Utilizing Large Language Models for Machine Learning Explainability
Alexandros Vassiliades, Nikolaos Polatidis, Stamatios Samaras, Sotiris Diplaris, Ignacio Cabrera Martin, Yannis Manolopoulos, Stefanos Vrochidis, Ioannis Kompatsiaris
TL;DR
This study investigates whether large language models (LLMs) can autonomously generate ML pipelines that are both effective and explainable.
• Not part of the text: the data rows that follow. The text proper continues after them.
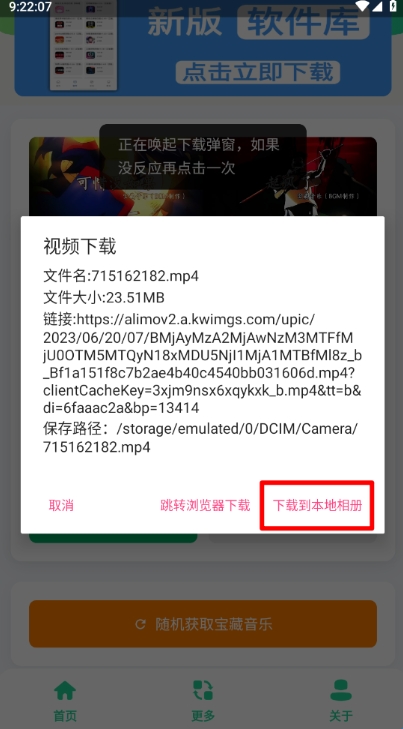 弹出提示框,点击"下载到本地相册"。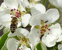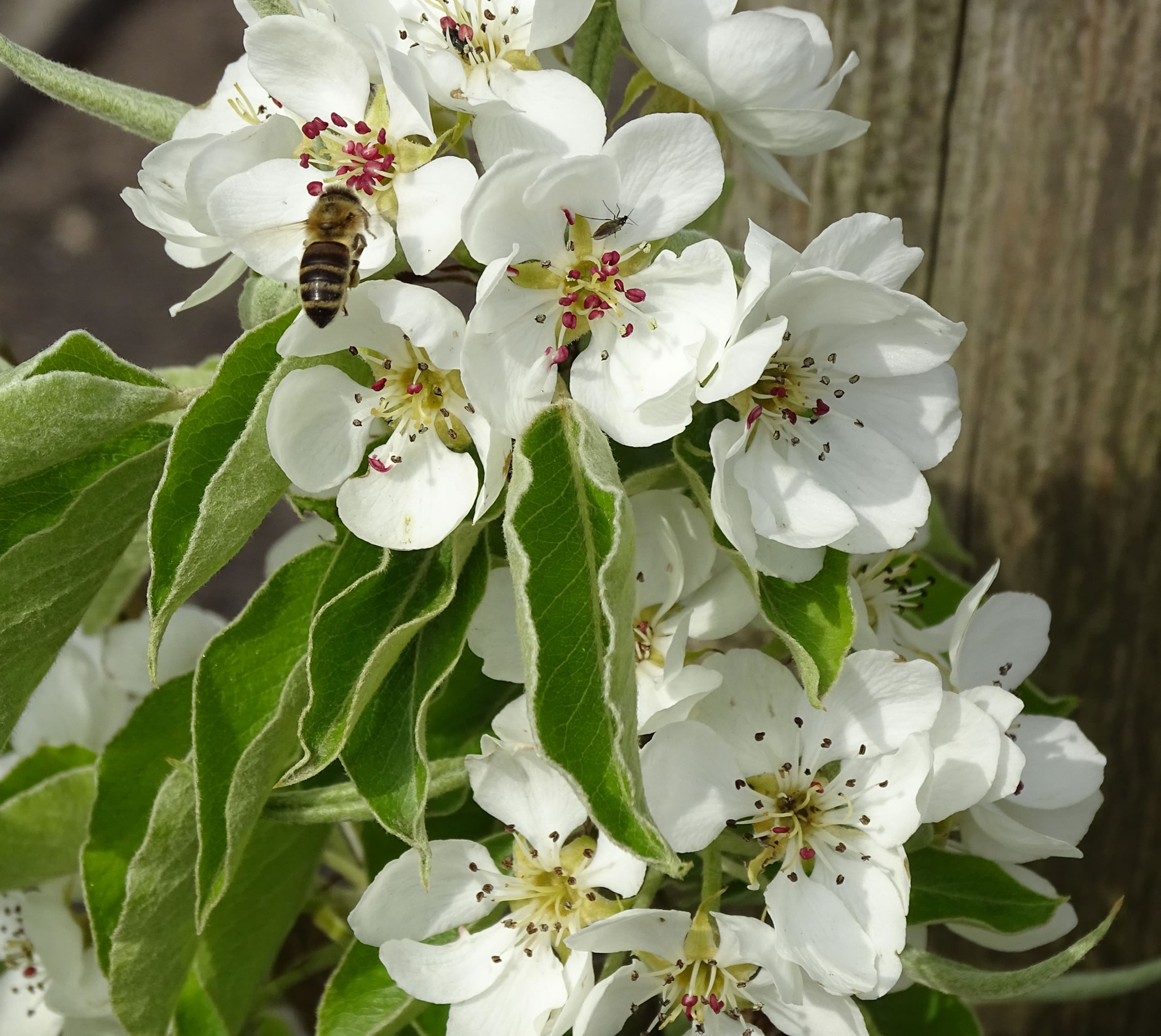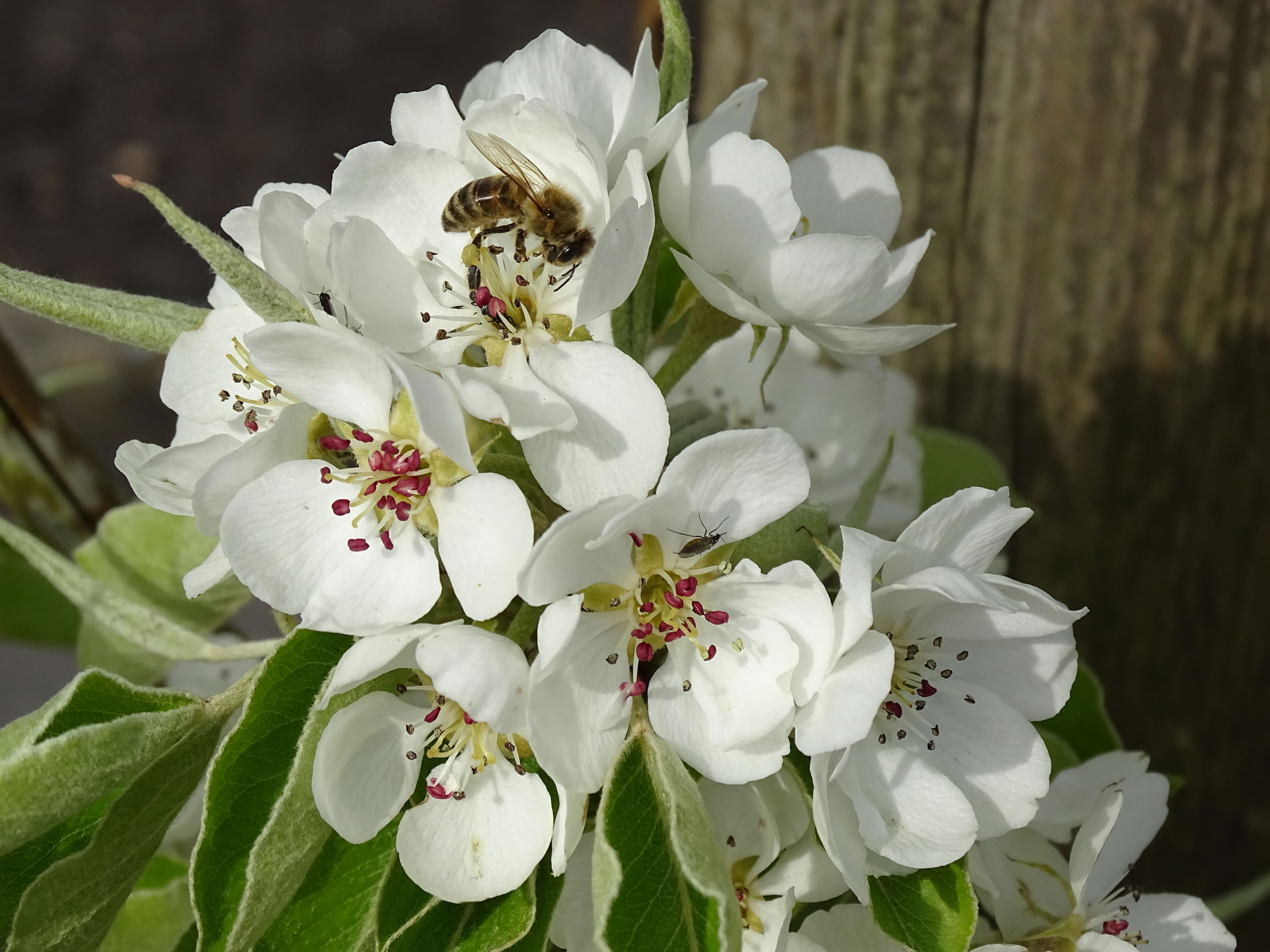 In Pagels' Goorn in Leer an't Appelspalier heff ik düsse wunnerschöne Imm knipst, de in Gesellschap vun en lierlütt Flegendeert freedlich ehr Arbeit nageiht. Op en gode Appelaarn in'n Harvst! De Biller köönt Se per Klick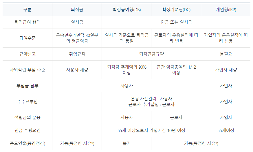 퇴직금과 퇴직연금의 차이점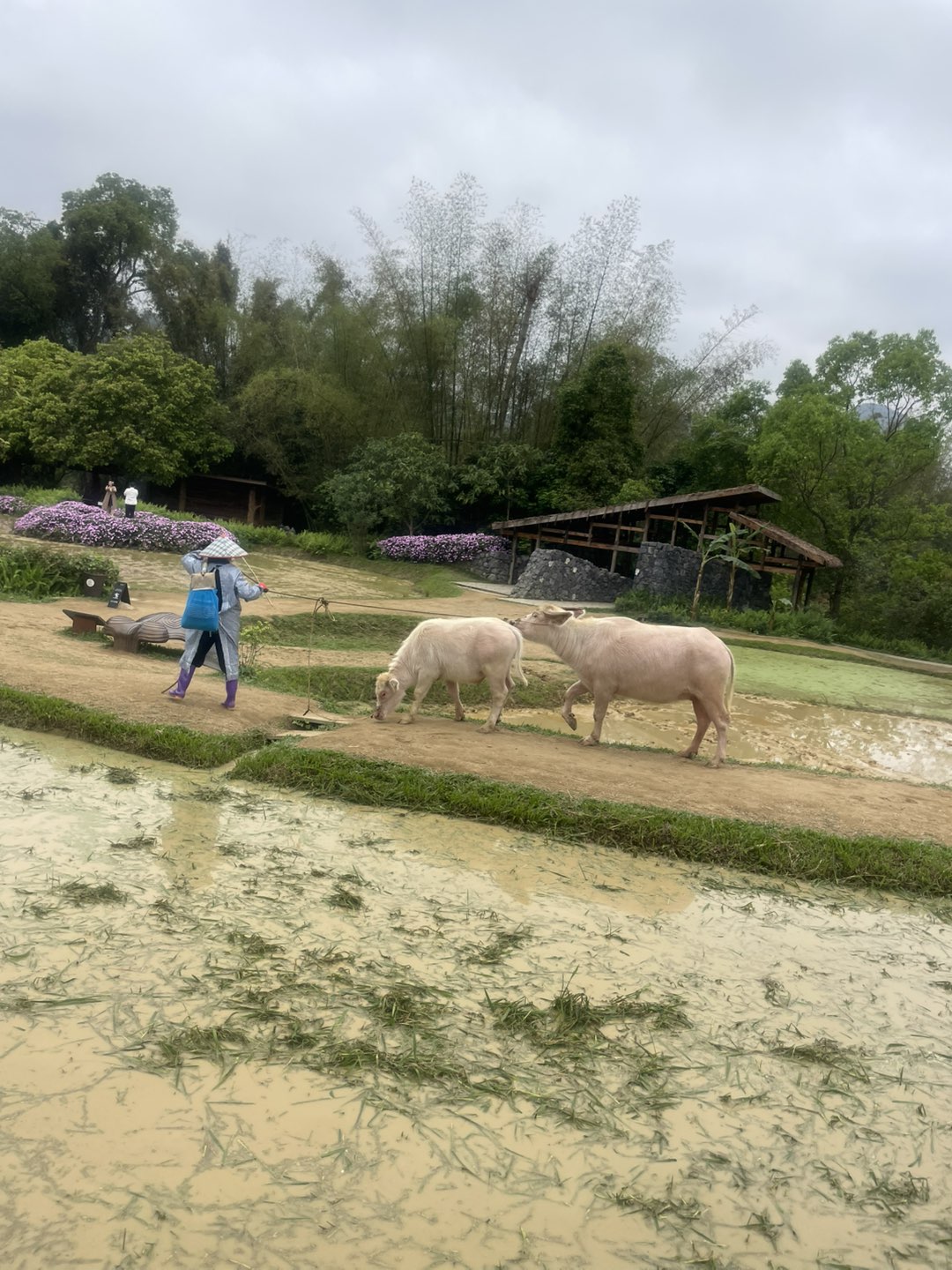 这组照片拍摄于广西崇左市的明仕田园,这里被誉为“小桂林”,也是《花千骨》的取景地。画面展现了典型的喀斯特地貌与田园风光交织的美景,具体解读如下:

It prompts three LLMs to produce training pipelines for four classifiers on two tasks (binary driver alertness and multilabel yeast localization) and evaluates performance alongside SHAP-based explanations. Results show near-perfect performance on the binary task with highly faithful and concise SHAP explanations, while multilabel results are more varying in accuracy but still exhibit faithful explanations with moderate sparsity; Claude and DeepSeek often outperform GPT in multilabel settings. The findings suggest LLM-driven pipeline generation can yield interpretable AI solutions, though limitations include reliance on SHAP as the sole explainability metric and variability introduced by prompting, indicating avenues for broader tasks and causal/fairness-aware evaluation.
Abstract
This study explores the explainability capabilities of large language models (LLMs), when employed to autonomously generate machine learning (ML) solutions. We examine two classification tasks: (i) a binary classification problem focused on predicting driver alertness states, and (ii) a multilabel classification problem based on the yeast dataset. Three state-of-the-art LLMs (i.e. OpenAI GPT, Anthropic Claude, and DeepSeek) are prompted to design training pipelines for four common classifiers: Random Forest, XGBoost, Multilayer Perceptron, and Long Short-Term Memory networks. The generated models are evaluated in terms of predictive performance (recall, precision, and F1-score) and explainability using SHAP (SHapley Additive exPlanations). Specifically, we measure Average SHAP Fidelity (Mean Squared Error between SHAP approximations and model outputs) and Average SHAP Sparsity (number of features deemed influential). The results reveal that LLMs are capable of producing effective and interpretable models, achieving high fidelity and consistent sparsity, highlighting their potential as automated tools for interpretable ML pipeline generation. The results show that LLMs can produce effective, interpretable pipelines with high fidelity and consistent sparsity, closely matching manually engineered baselines.